As Bill Moyers writes, “Touch is deeply reassuring and nurturing. It’s the first way a mother and child connect with each other…what a mother is saying to her child with that touch is ‘Live…your life matters to me.'” Remen also describes how people with cancer [or who are having babies] often feel when they’re touched by health care providers. They say they feel as though they are merely ‘a piece of meat.’ She reports that one woman said, ‘Sometimes when I go for my chemotherapy, they touch me as if they don’t know anybody’s inside the body.’

The first part of this made me think about what my mom is doing for my grandma right now, only in the reverse order.
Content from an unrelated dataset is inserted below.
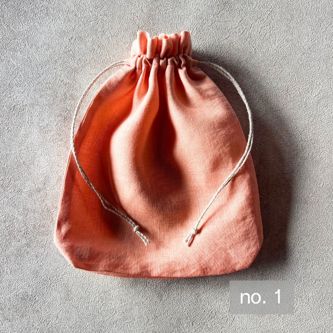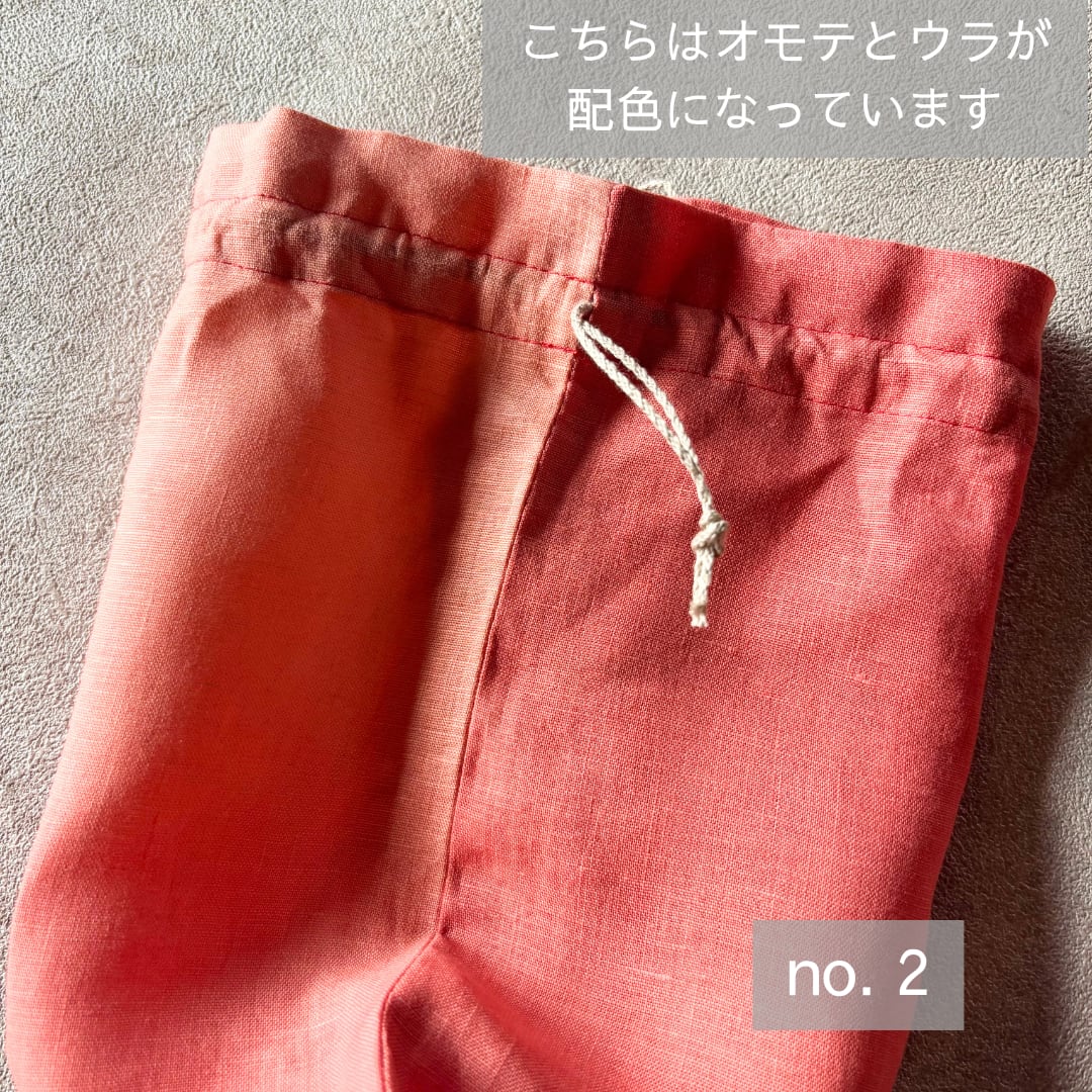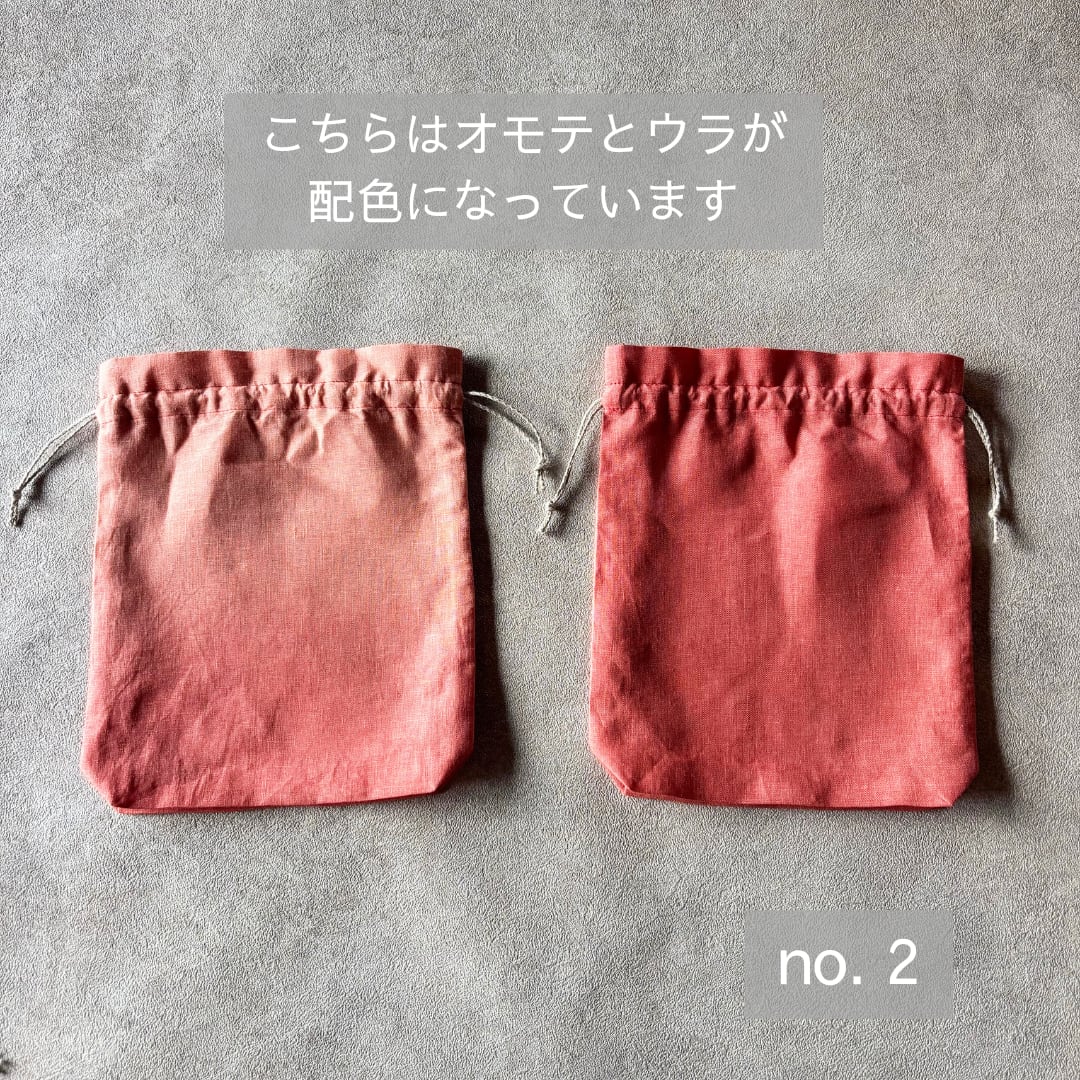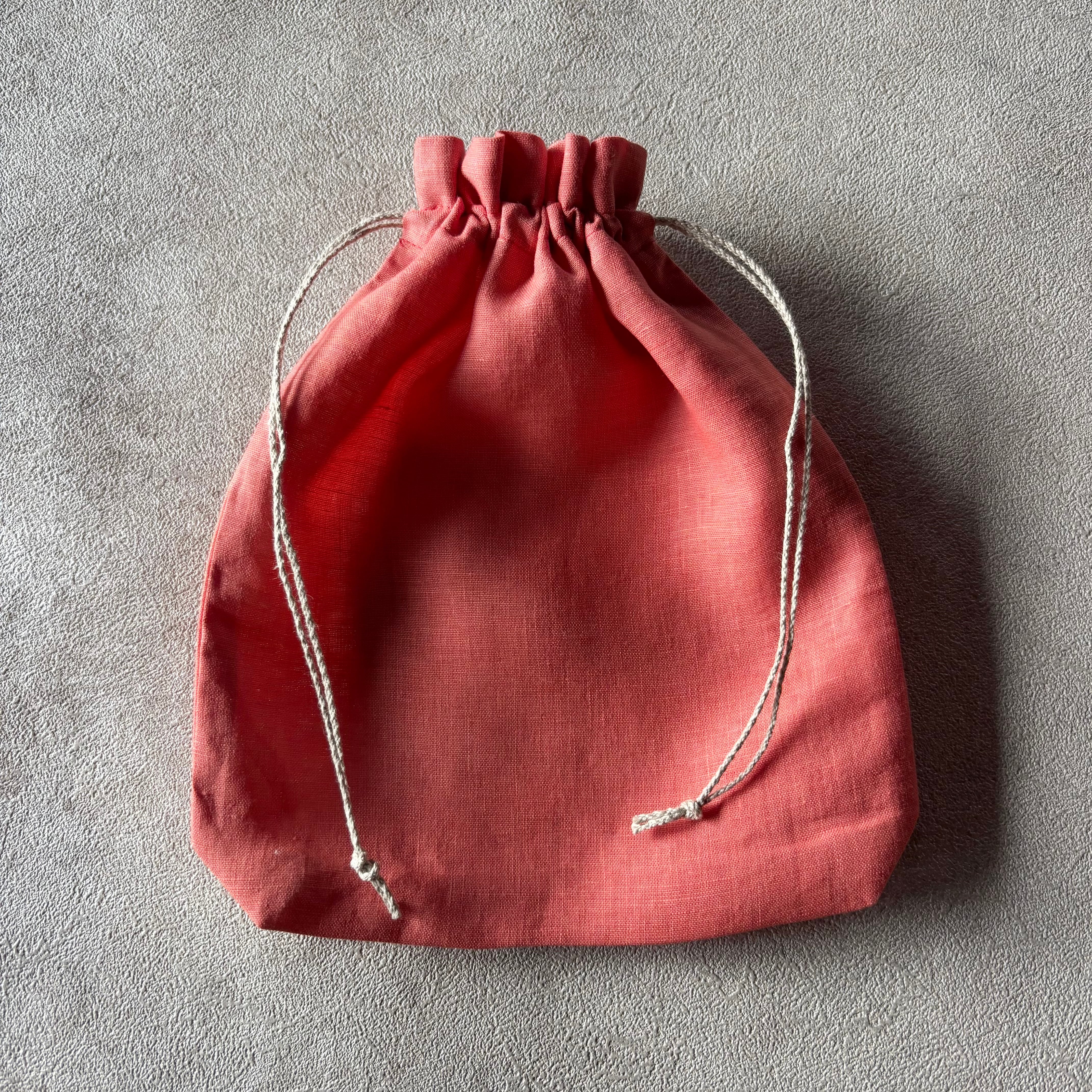 草木染め 巾着ポーチ Medium size リネン100% & リネン100%紐 color : 茜染め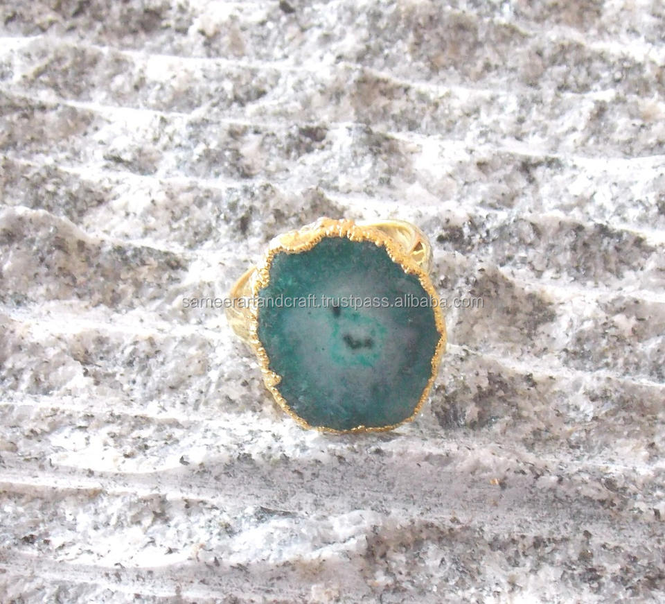 Anillo de ágata con ajuste de bisel chapado en oro galvanizado para boda y fiesta

Once upon a time, her mother connected to her with that touch…Live…your life matters to me…and now my mom returns this original patient, loving, nurturing touch, only it is saying, I’m here…your life has mattered to me…go with peace.

I’d marked a couple of other things about family relationships and sharing stories, etc., but the last quote I actually want to type out does actually touch on birth:

There are two important things to remember with regard to your childhood and your family of origin. First, each pregnancy changes the family in that it will either result in a miscarriage, which is a death, or a birth, which marks the addition of a new family member…Second, your memory is your story and your truth. Your family members will have experienced the same events differently and will likely have different memories. Your experience and understanding of events is legitimate; the same holds true for other family members.

I wrote my grandma a letter and mailed it at the beginning of this week, but I don’t know that it is going to make it to her in time. So, a couple of days ago, I took this picture of the kids and texted it to my mom to give to her:

April 2013 005

You can do hard things, I’ve told my mom. And, she is. Really hard, sad things. You feel like you can’t do it, but you’re doing it.

It applies to my grandma too.

hardthings

5 thoughts on “Talk Books: What Dying People Want

  1. I have found this process of noting what I want to remember so much easier since I switched to ebooks. I use Moon+ Reader for Android, highlight/note things in there, then email myself all those highlights and notes when I’m done reading. I’ve been converting PDFs for academic journals to EPUB so I can read them in there, makes citing the proper source SO much less time consuming than my prior system digging through papers covered in postit notes and highlighter marks (which also mess with my dyslexia)!

    • Yes, I LOVE it when I have a kindle or ebook version and can copy and paste my memory-records, rather than retyping. The mini librarian in me though really, really likes having hard copies to lend out though–it is a toss up! 🙂

  2. Thanks for this wonderful post. I will definitely look up the book! As a mother who is at the point when my child is leaving the nest and also as someone who has worked with older people for 30 years, I’ve been thinking a lot lately about birthing, mothering, letting go, and being with those who are dying — your post has gotten me thinking about how those all relate. Thank you!